Alice in Wonderland (Tim Burton, 2010)

The best-remembered of the many adaptations of Lewis Carroll’s two “Alice” books is the animated adaptation released by the Disney Studio in 1951. Walt Disney, who worked on his version on and off for the best part of fifteen years, was renowned for his story sense: an uncanny ability to sense and solve story problems, as well as a knack judging the taste of the public. So what did he make of Alice in Wonderland as a story? Well how about:

“[I got] trapped into making Alice in Wonderland against my better judgement.”

And:

“[It was] a terrible disappointment.”

And:

“We just didn’t feel a thing, but we were forcing ourselves to do it.”

And:

“The picture was filled with weird characters.”
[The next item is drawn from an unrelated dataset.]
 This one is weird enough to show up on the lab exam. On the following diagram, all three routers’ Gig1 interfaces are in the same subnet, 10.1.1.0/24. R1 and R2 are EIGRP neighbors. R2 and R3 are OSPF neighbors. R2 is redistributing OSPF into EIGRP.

Disney had realised (too late) that Carroll’s books are essentially the opposite of what a Hollywood narrative is supposed to be. They centre on a character who we never identify with on any emotional level; who embarks on her adventures without any clear purpose; and who is tormented by a series of unsympathetic characters for no clear reason. Carroll therefore breaks all the rules of conventional Hollywood narrative: that we have an emotional connection with the protagonist; that the plot unfolds through a series of events that happen for clearly outlined reasons; and that characters have clear motivations for their actions. The randomness, nonsense, and mind games of Carroll’s Wonderland are a big ask for Hollywood.